By Roz, September 6, 2016
virtual meetings

The days of team members and their managers trudging into boardrooms to hear the delivery of status reports and directives for the future are rapidly becoming a thing of the past.

 

More than half of the world’s workers can’t understand why corporations would waste time moving them physically into one room when the same goals can be accomplished using modern technology.

 

The millennial worker, soon to be the dominant force in the workplace, already thinks face-to-face meetings are obsolete.

 

With the latest Tech Trends report from Deloitte noting a whopping 79 percent of people already working on virtual teams and in remote locations, it is little wonder that better means of sharing status, delivering messages and brainstorming has to be found.

 

A key advantage of the virtual meeting is that nobody is left out because they couldn’t travel to the meeting’s location.
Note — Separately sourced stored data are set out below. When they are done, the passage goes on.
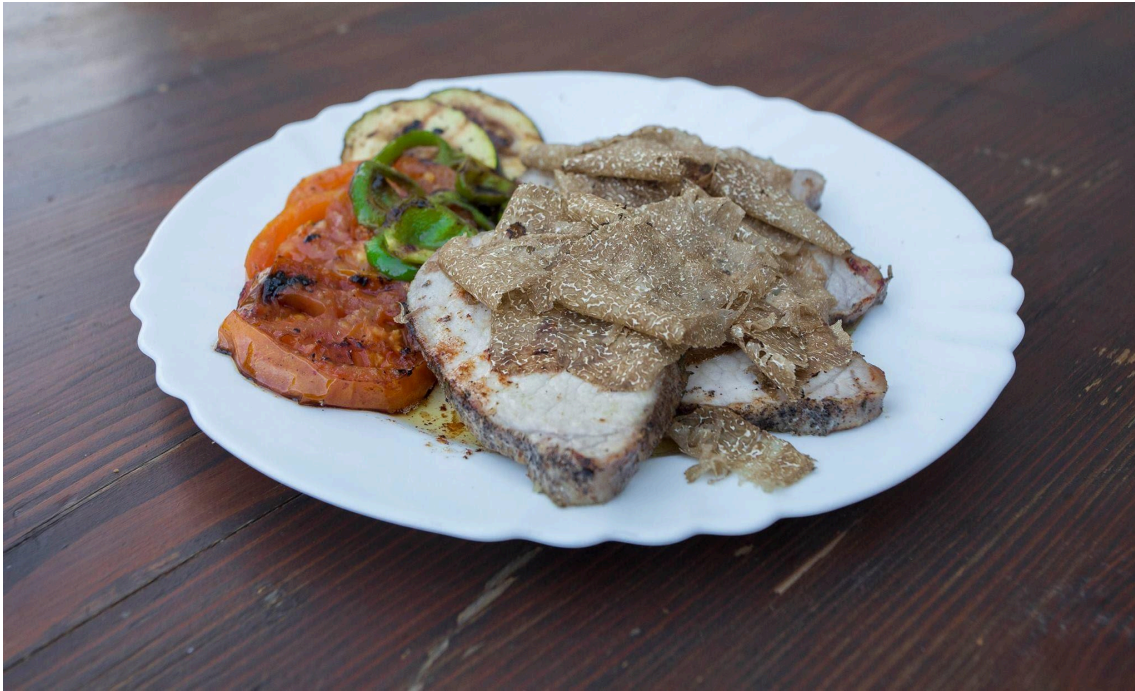
Slika 15. Tradicijsko jelo u ponudi Agroturizma Tikel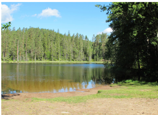
Badplats vid Laxtjärn

Områdena är relativt lätta att nå, men kvaliteten på områdenas rekreativvärden bedöms vara låg. Badplatserna bedöms ha rekreativvärde klass 2, dvs. vara värdefulla för tätorten.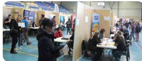
Au forum du recrutement le 21 mars

A primary disadvantage is that they can easily fall prey to inattention by the participants as they busily multitask at their home locations, responding only when absolutely necessary.

 

How can you run virtual meetings more effectively?

  1. Make sure everyone uses video. The whole idea of meeting is to build teams and share information, so don’t leave out the crucial communication tool of body language. There’s a bonus to using video as well: it means that the participants have to stay at their desks and listen, not wander off feed the dog, fold the laundry or do their online banking.
  2. Ensure that all relevant documents are delivered in advance of the meeting and make reading them mandatory.  You only have to catch up one person who fails to read the advance material to remind everyone you are serious about this. Make it clear it will not be tolerated. Technology makes it possible to deliver all reports in advance and avoid the time-waster of having people read them during the meeting. Save more time by ensuring that everyone starts the meeting with the essential information and is prepared to move right into full discussion.
  3. Encourage engagement and candor. The chair has the responsibility to ensure that all voices are heard from, even if it means calling out the person by name and asking them a pertinent question. Participating in a virtual meeting does not mean listening; it means responding and commenting and offering up ideas.
  4. Maintain civility. Sometimes distance makes the animosity grow bolder. Do not allow virtual bullying or let one participant dominate the discussions. The same rules of order apply whether you are online or in person. Meetings are still about getting things done and building better relationships.

 

Virtual meetings are soon going to be a dominate way of meeting, so take the proper approaches ensuring you will get the most out of it.